(Items from a dataset)
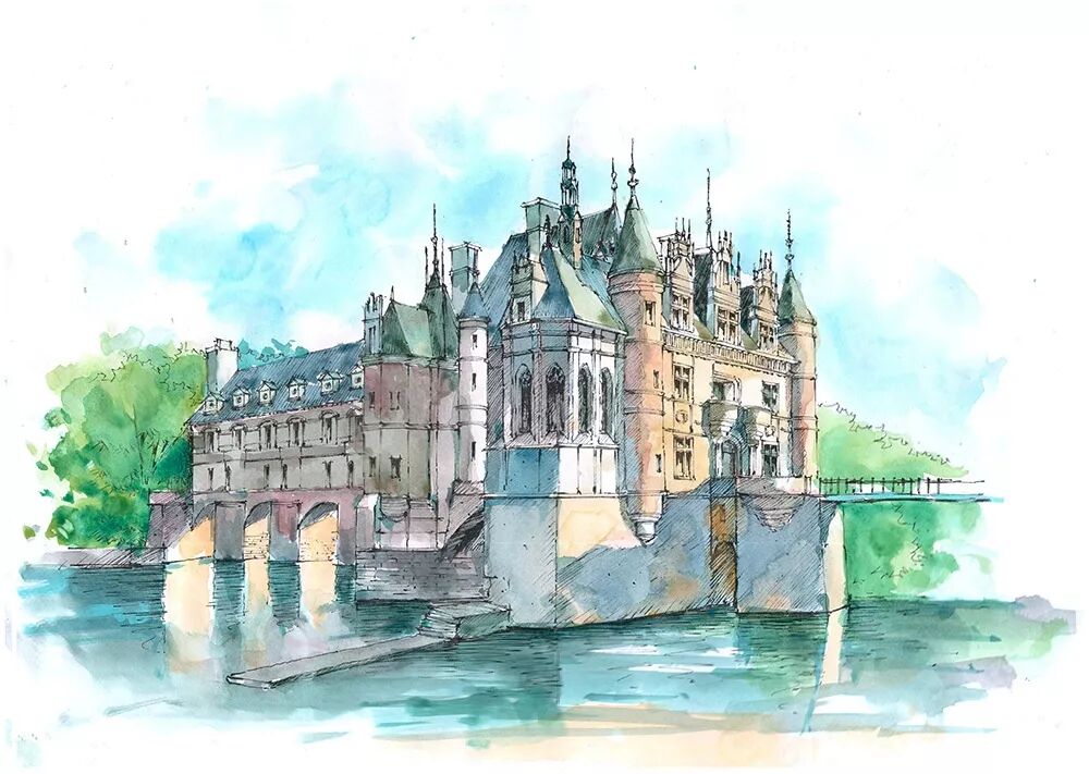 城堡在一座孤岛里面,制高点的塔楼最为险峻。整座城堡傍山而建,每座堡垒都挂着一模一样的旗帜,夜莺。
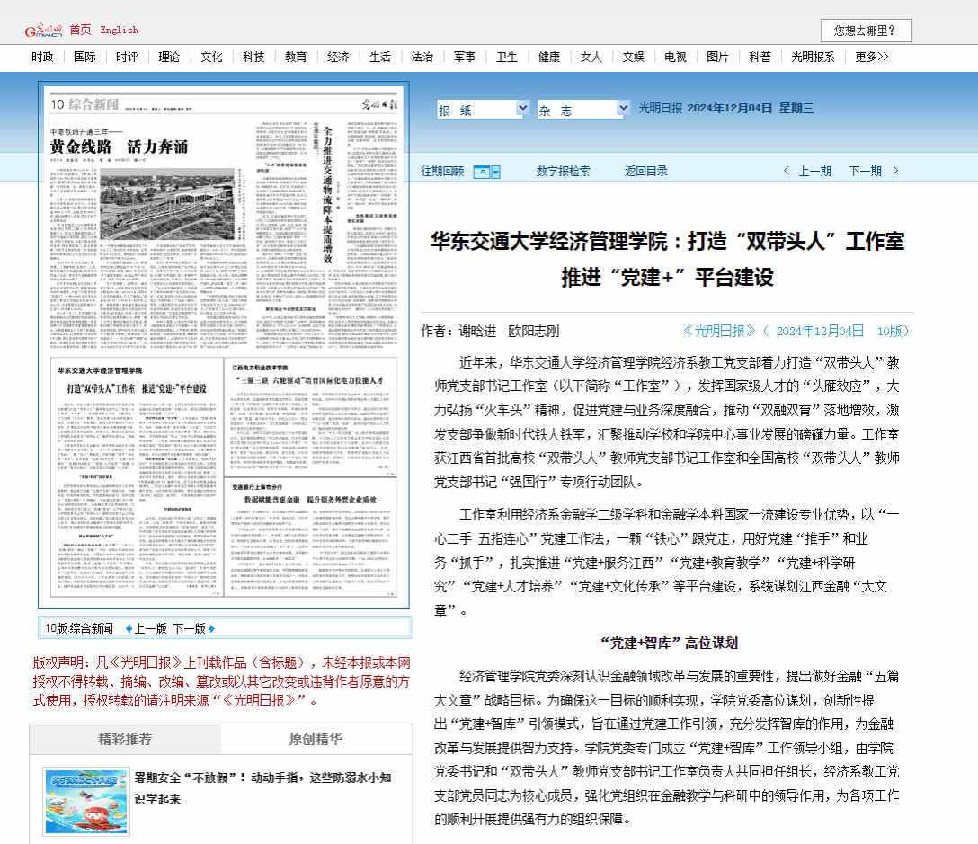 近年来,beat365中文唯一官网经济管理学院经济系教工党支部着力打造“双带头人”教师党支部书记工作室(以下简称“工作室”),发挥国家级人才的“头雁效应”,大力弘扬“火车头”精神,促进党建与业务深度融合,推动“双融双育”落地增效,激发支部争做新时代铁人铁军,汇聚推动学校和学院中心事业发展的磅礴力量。工作室获江西省首批高校“双带头人”教师党支部书记工作室和全国高校“双带头人”教师党支部书记“强国行”专项行动团队。
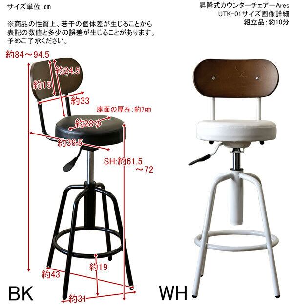 Ares 昇降式カウンターチェア BK/WH
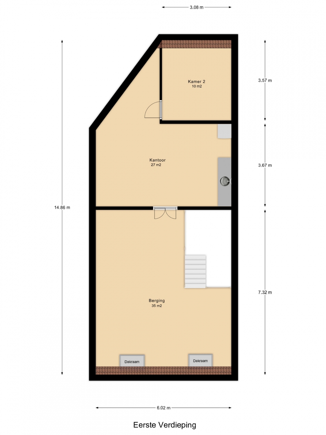 eerste verdieping: ca. 77 m² bvo.
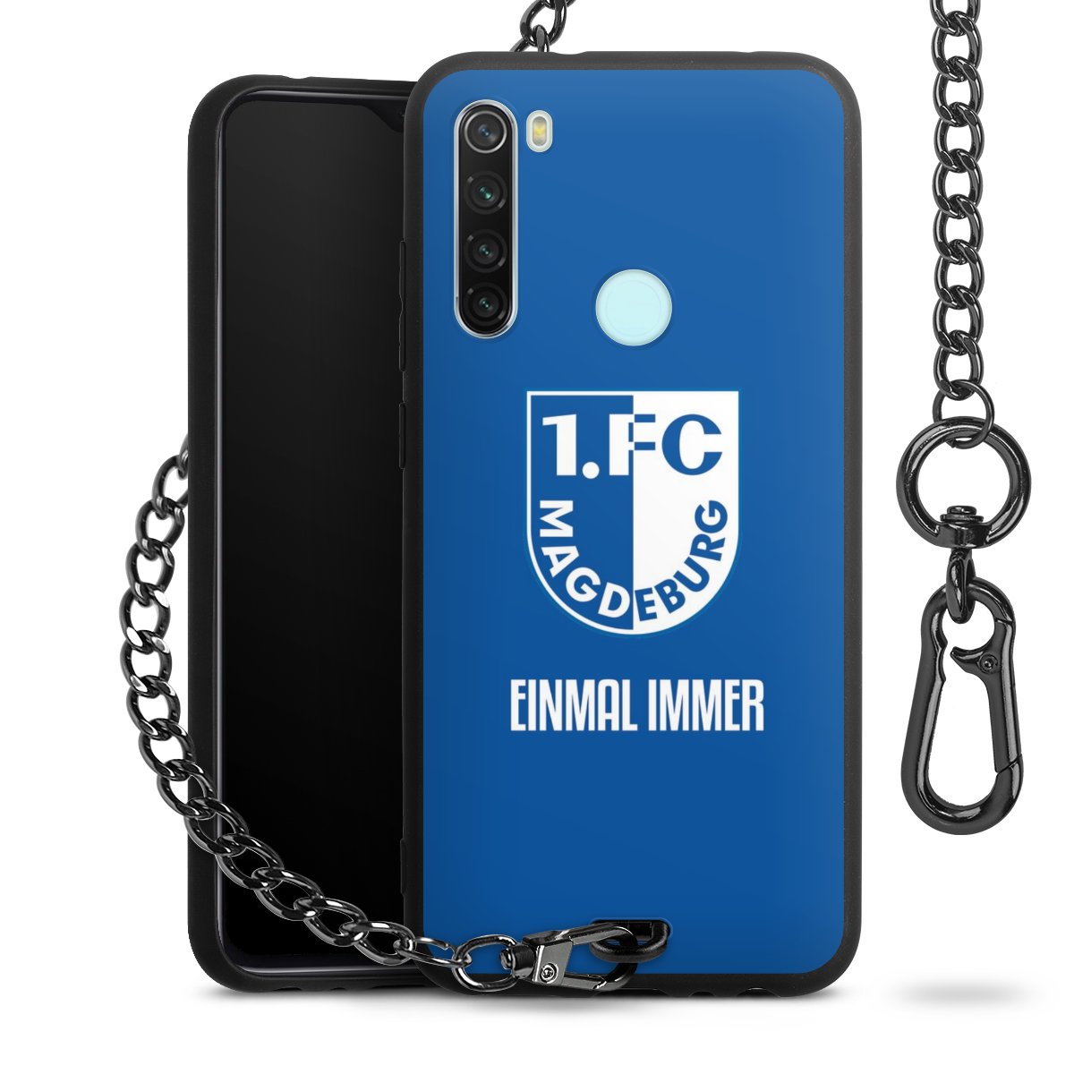 Die Handyhülle verfügt über eine mittig am unteren Rand platzierte Öse, an der die Metallkette stabil befestigt ist. Bestelle die Hülle einfach für Dein Smartphone-Modell, dann passt sie wie angegossen und Du brauchst sie bloß einmal anzudrücken. Handy in die Tasche, Karabiner an den Hosenbund – schon kann die Party starten.
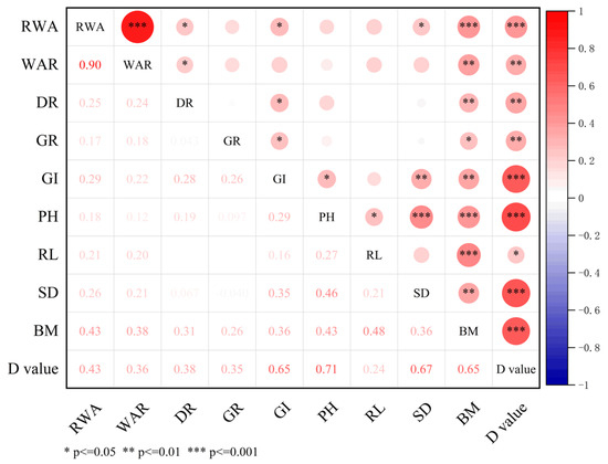 Correlation between the salt tolerance index of various morphological indices and comprehensive salt tolerance indices (D2 value) at the germination and seedling stages of 35 wheat varieties. RWA, relative water absorption; WAR, seed water absorption rate; DR, seed dehiscence rate; GR, seed germination rate; GI, seed germination index; PH, plant height; RL, root length; SD, stem diameter; BM, biomass.
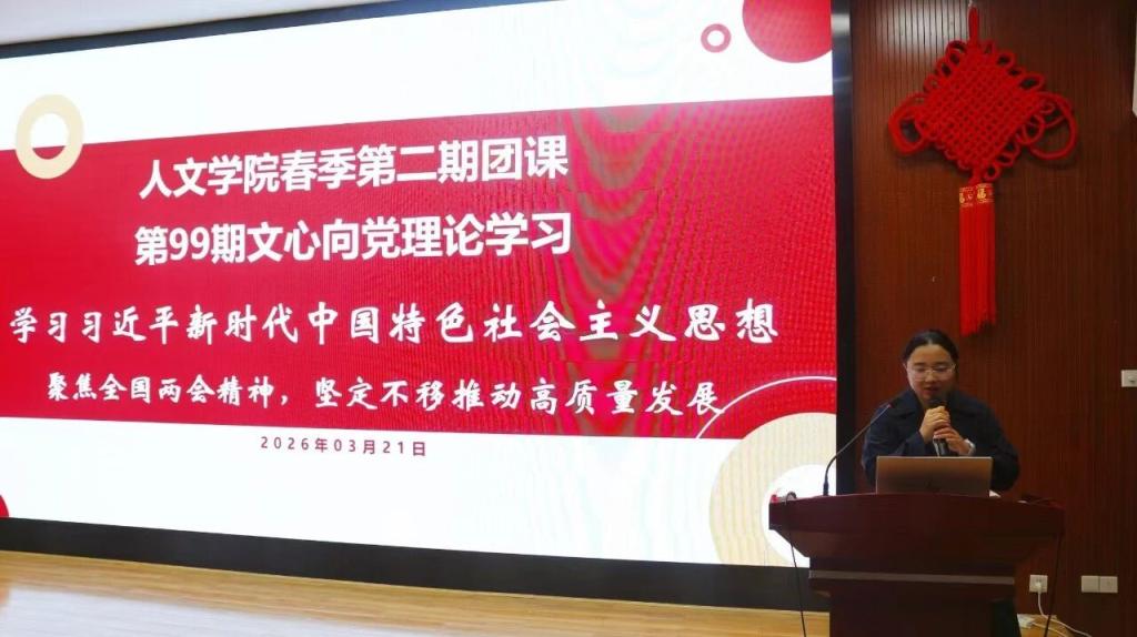 为深入学习贯彻2026年全国两会精神,准确把握高质量发展、新质生产力、科技创新与青年发展等重要部署,3月21日下午,中南大学人文学院团委、学生会理论学习专题会议在学院顺利召开。本次会议以学习贯彻全国两会精神为主题,聚焦高质量发展、新质生产力、科技创新、人工智能发展等重要内容,由人文学院团委书记杨紫金老师主讲,人文学院团委、学生会全体成员参加学习。

**WHAT YOU WILL DO**
Please give back exactly the lines from the first line of the records above through the line containing "eerste verdieping: ca. 77 m² bvo.", only those and both included, with the pictures removed.

**SOLUTION TO THE PROBLEM**
 城堡在一座孤岛里面,制高点的塔楼最为险峻。整座城堡傍山而建,每座堡垒都挂着一模一样的旗帜,夜莺。
 近年来,beat365中文唯一官网经济管理学院经济系教工党支部着力打造“双带头人”教师党支部书记工作室(以下简称“工作室”),发挥国家级人才的“头雁效应”,大力弘扬“火车头”精神,促进党建与业务深度融合,推动“双融双育”落地增效,激发支部争做新时代铁人铁军,汇聚推动学校和学院中心事业发展的磅礴力量。工作室获江西省首批高校“双带头人”教师党支部书记工作室和全国高校“双带头人”教师党支部书记“强国行”专项行动团队。
 Ares 昇降式カウンターチェア BK/WH
 eerste verdieping: ca. 77 m² bvo.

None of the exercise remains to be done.